I was quite displeased a while back to find that a very good customer was reselling all the coins he purchased from me, using my photos and my descriptions, word for word, right down to terms of sale. I e-mailed and asked him to stop, he ignored my e-mail, I started using the watermark function on E-bay photo manager to mark my photos, he cropped a round circle around the coins , cutting off the watermark and continued to use them. At this point I gave up and decided it was not worth all the frustration. Still bugs me a bit but .......
 tongue

Jerome,  I have a great respect to you and  enjoy to know that you could be  above this feeling that someone use for (eventual or potential) profit s
your work. I am not a dealer and so my judgement has a chance be objective and unbiased (in the case when I start to sell coins I shall use my own
documentation for sure).  It seems that  LordBest has the reason: no one is condemned to use the manufacture documents to resell gadgets on eBay

Though we have our own, specific, attitude for ancient coins, the dealers description is the same as the manufacture documents (someone may say
that they are also copyrighted).
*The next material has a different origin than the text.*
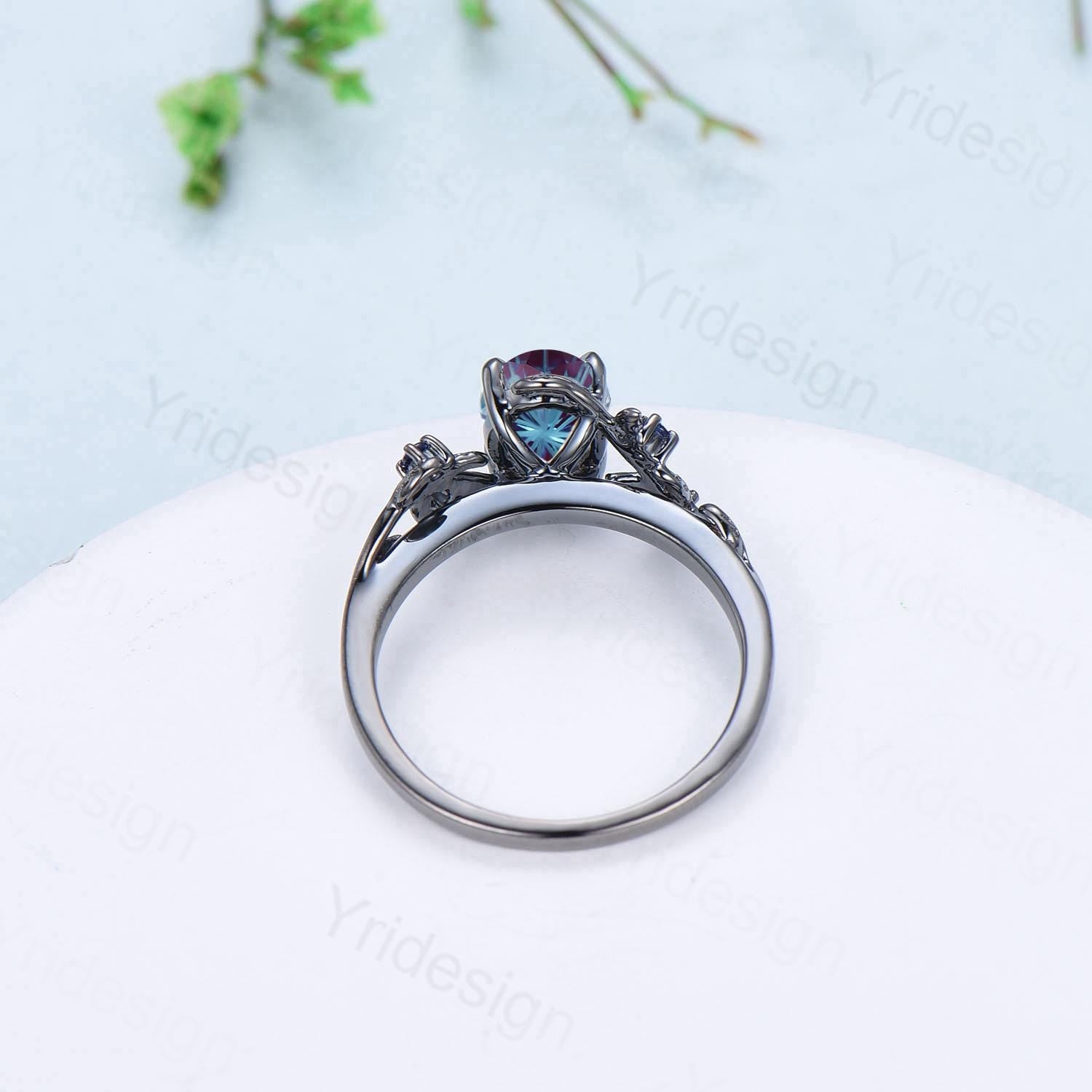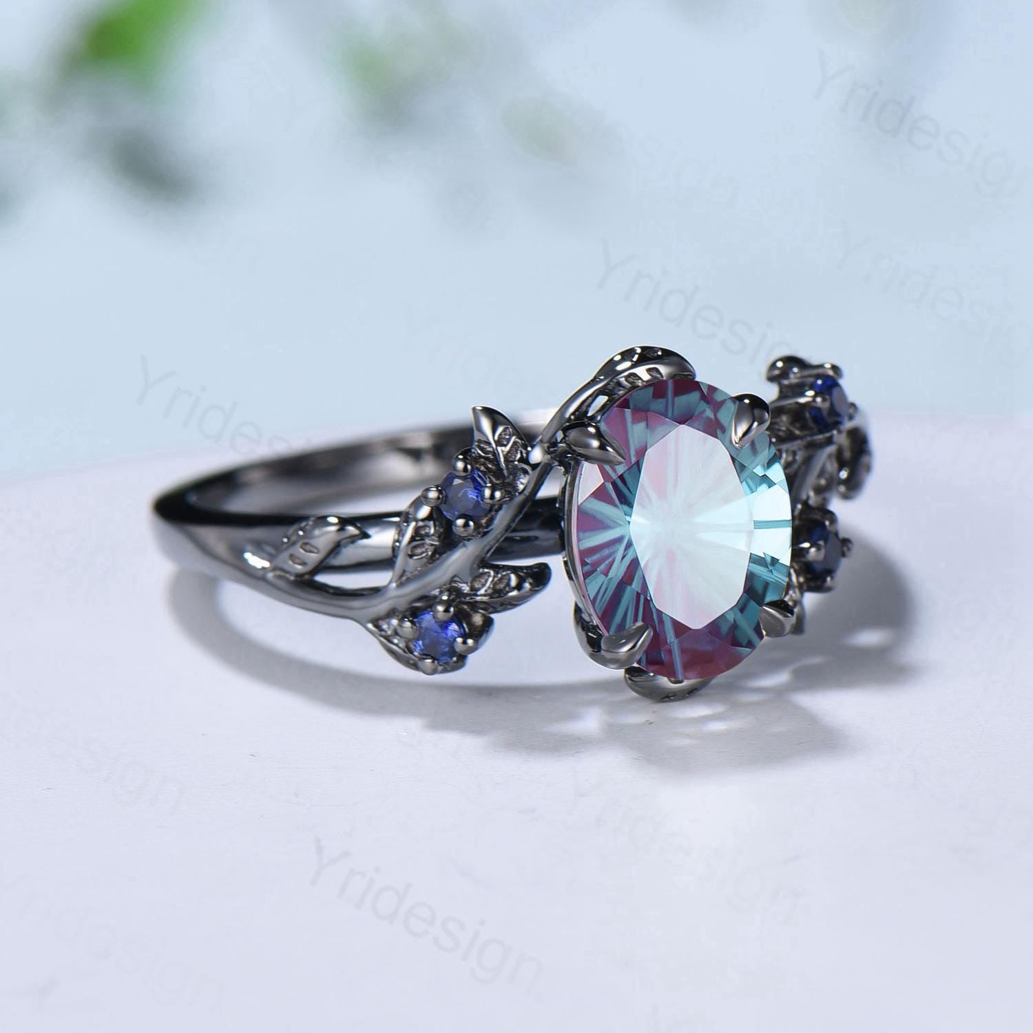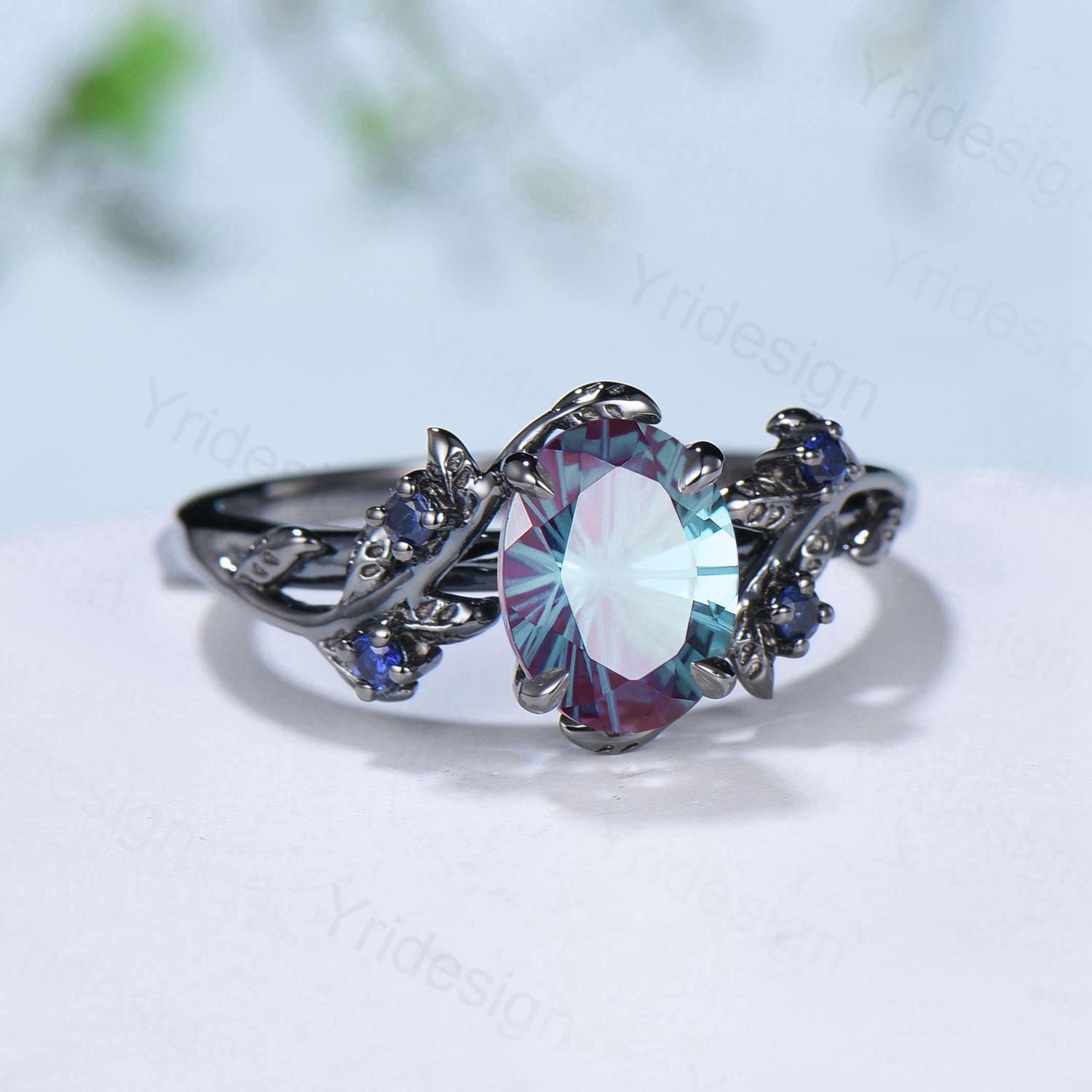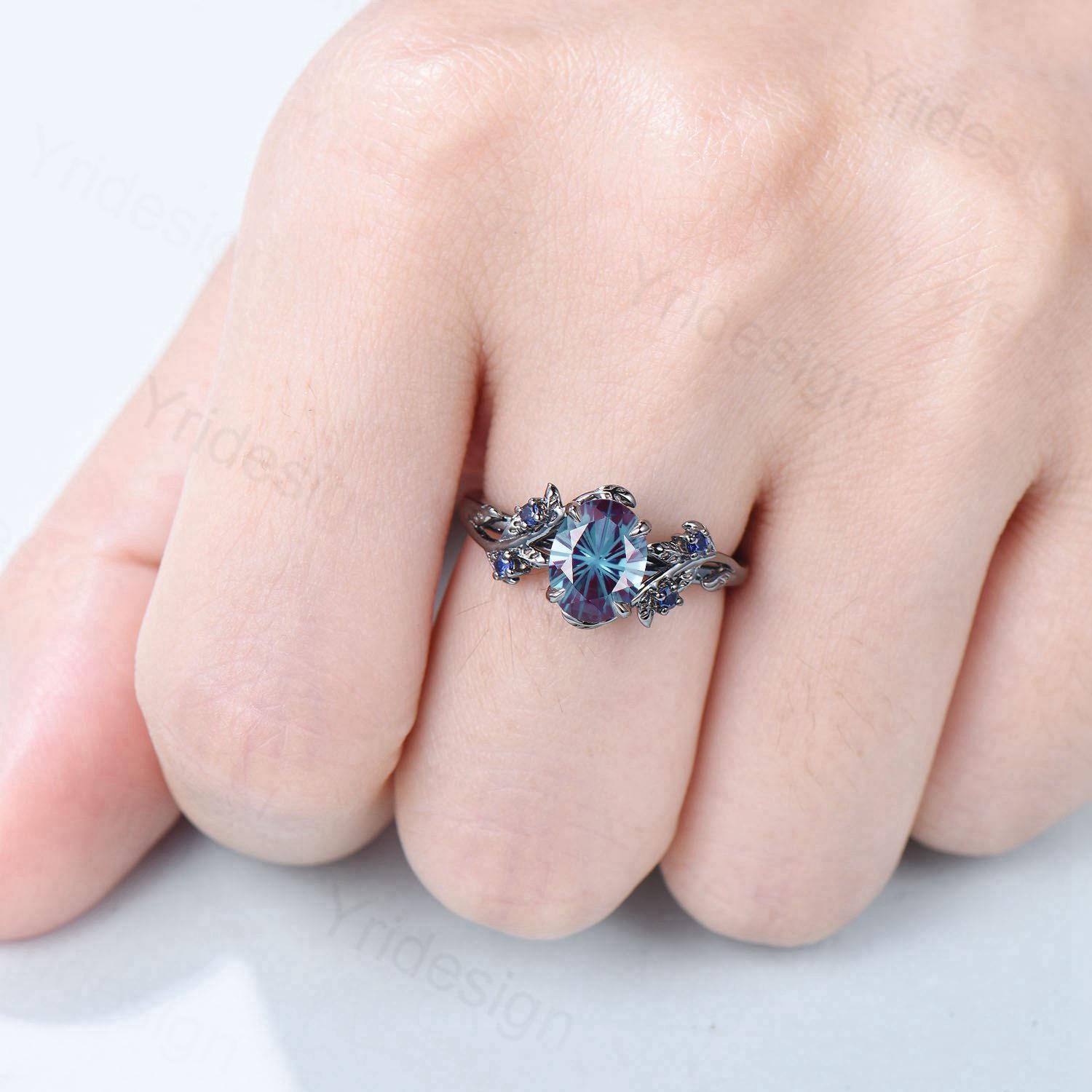Unique Black Gold Fireworks Cut Oval Cut Alexandrite Engagement Ring Nature Inspired Color Changing Leaf Vine Cluster Sapphire Wedding Ring

So, it is quite natural that  a person who is the legal owner of the coin to use the existing documentation 
to resell the object, i.e. in a sense, use the scan for commerical purposes. To my mind it is not a commercial use of the photography as an independent
object.
Of course, in the case of conflict  with the previous owner it would be better to enter in a discussion and come to a compromise
(it is easy imagine two persons that could not come to a one).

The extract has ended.